On the other hand, the riskier Australian and New Zealand dollars rallied, trading close to their strongest level since 2018. On Monday, the Aussie climbed up by 0.4% versus the dollar at 0.75655.

 

ING strategists noted that the U.S. currency is starting the week with a disadvantage as risk appetite remains fairly upbeat on the back of lingering hopes around a U.S. fiscal stimulus package, vaccine roll-out news, and some optimism on Brexit negotiations.

 

According to reports, a $908 billion bipartisan coronavirus relief plan, which could be introduced in the U.S. Congress as early as Monday, may be split into two packages in a bid to win approval.

 

Possible Brexit deal pushed the Pound forward

 

Brexit negotiations continue to command the traders’ attention.
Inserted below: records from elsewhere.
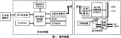 硬件系統主要有移動控制器和顯示屏兩部分組成,如圖1所示。移動控制器主要負責接收PC機端軟件取摸數據、加入控制字符并保存,還能向顯示屏發送特定控制命令、切換顯示內容、改變顯示效果。顯示屏主要有電機控制轉速和單片機控制E3jLED顯示內容等。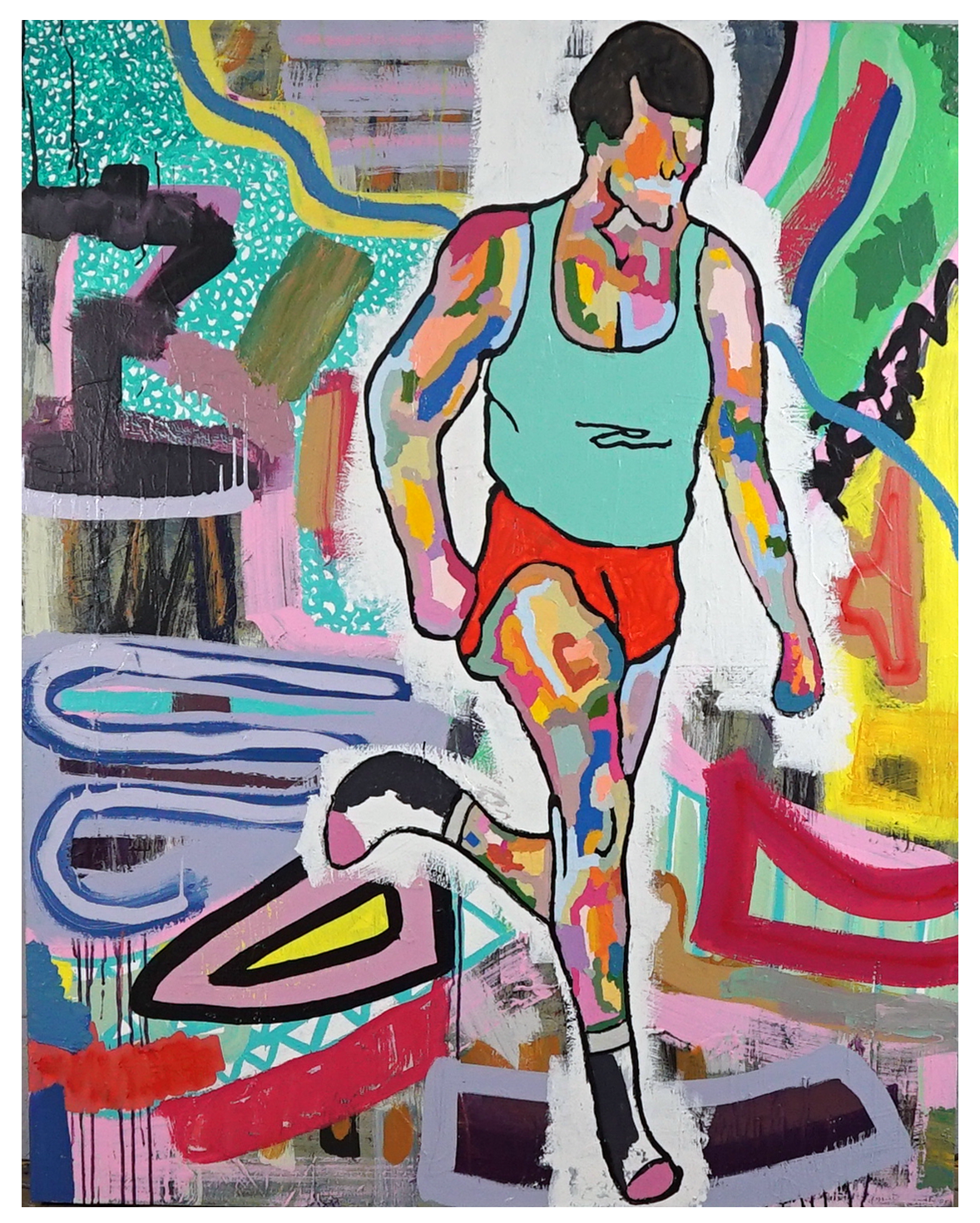Acrylic, latex, enamel on canvas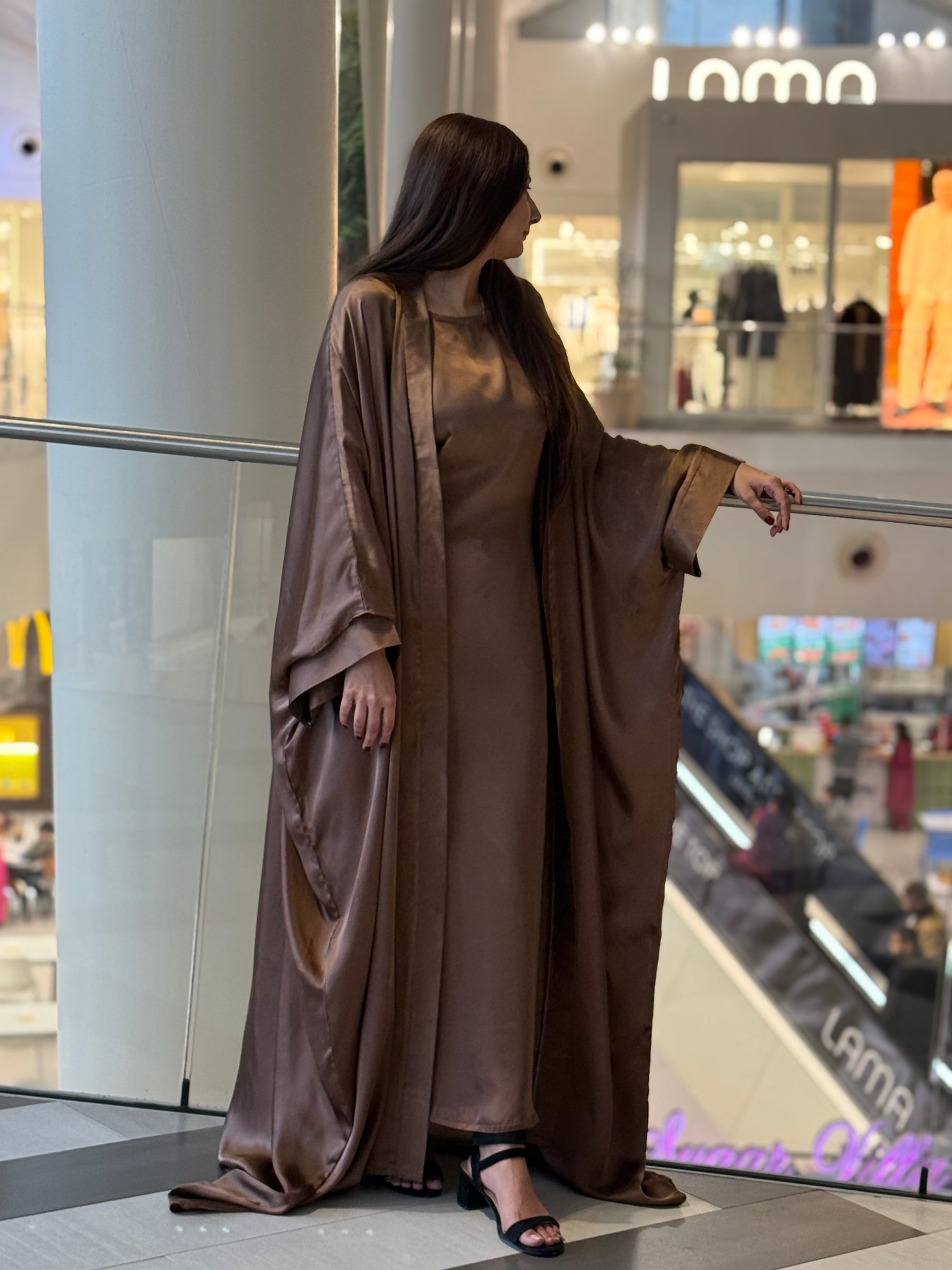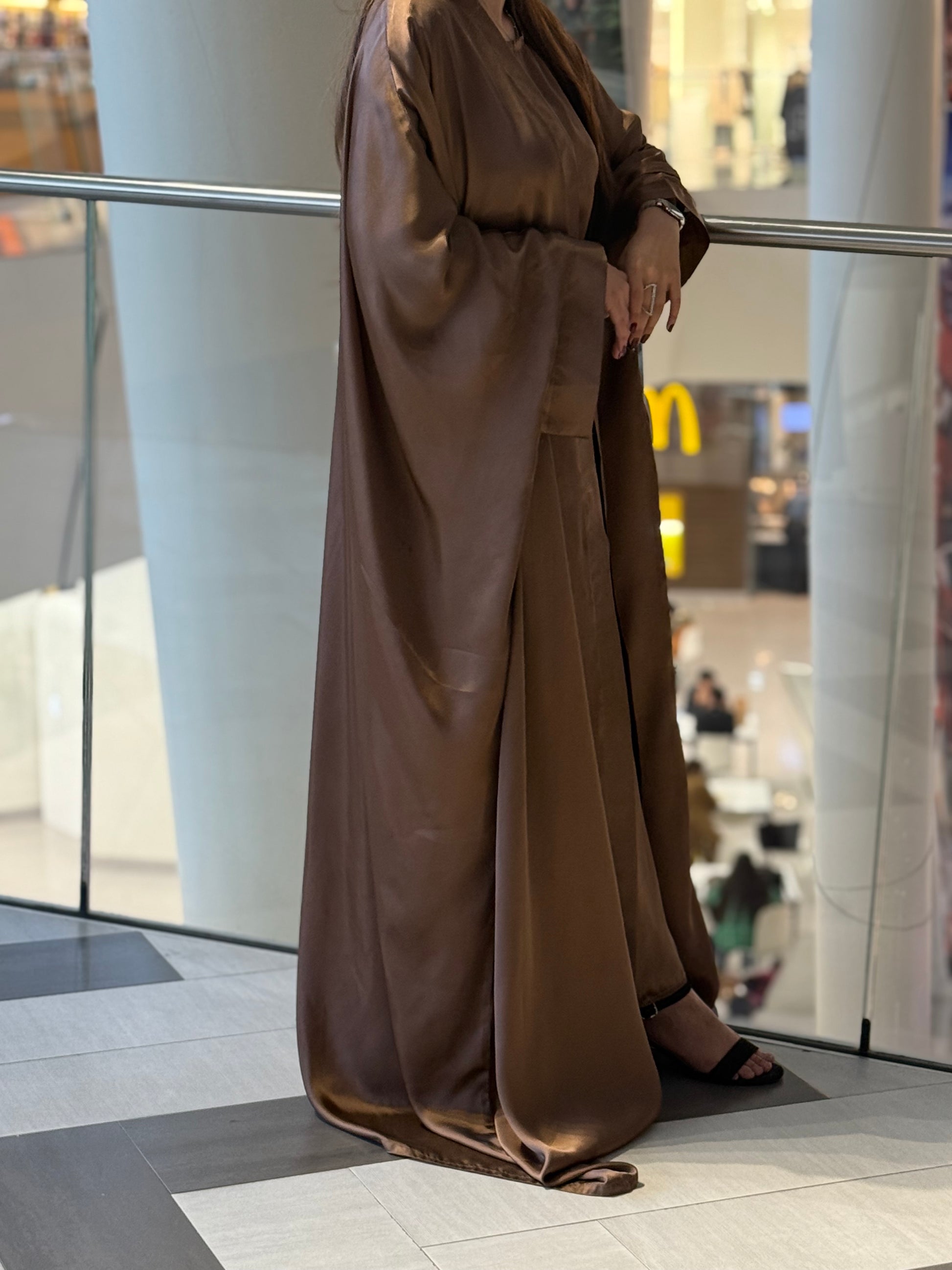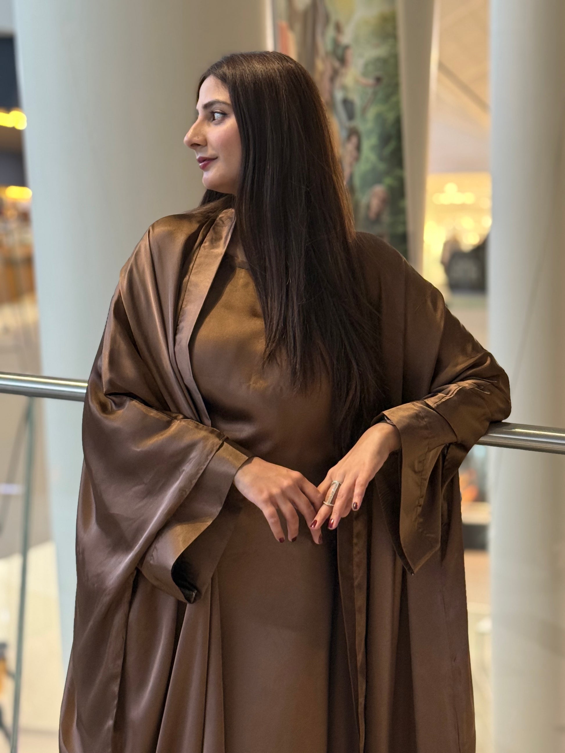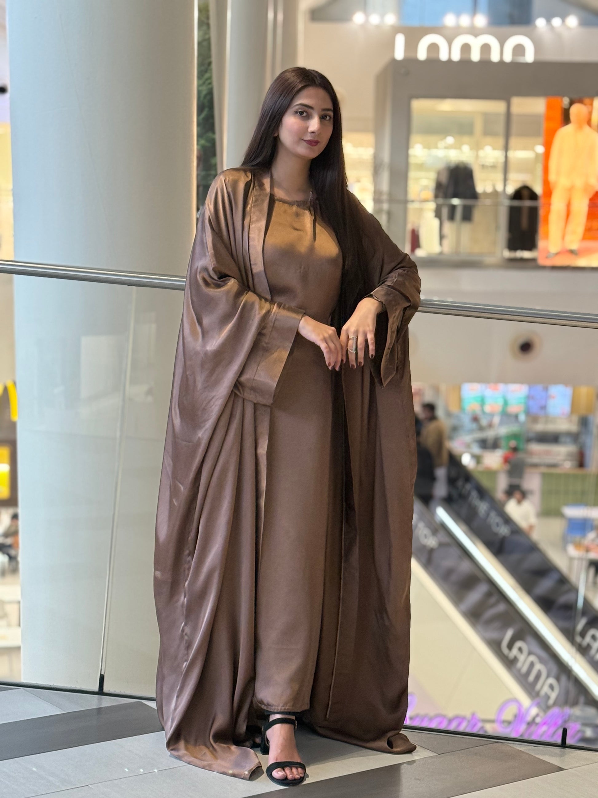 Discover timeless elegance with our 3-piece Abaya Set in luxurious copper soft satin. The outer Abaya boasts a free-flowing, relaxed silhouette, offering a sense of effortless luxury. The inner piece features adjustable strings, allowing you to customize the fit to your desired shape. This versatile design effortlessly combines comfort with class, giving you a regal, Arabic royal girl look. The set is completed with a matching satin hijab, perfectly complementing the ensemble for a sophisticated and coordinated appearance. Ideal for both special occasions and everyday elegance, this Abaya set is the epitome of luxury and style.

The sterling is already higher by 1.2% against the dollar. The currency jumped after Britain, and the EU agreed to continue difficult Brexit talks, even though another self-imposed deadline expires on Sunday. The Sterling surged forward by about 0.9% against the euro.

 

According to ING strategists, in spite of being a very close call at this stage, a deal is the most likely scenario. As a result, they expect a GBP rally to materialize in the next two weeks.

 

Meanwhile, the euro soared by approximately 0.3% versus the dollar, at $1.2148 on Monday. Thus far, the new restrictions on activity in Europe had a limited impact on market sentiment.

 

For the week ahead, traders will focus on a series of central bank meetings. MUFG FX strategist Lee Hardman stated that they expect the Federal Reserve’s communication to put much more emphasis on recent downside momentum heading into year-end, as well as risks to the economy over the short-term even as the agency’s forecasts for the economy this year will be revised higher.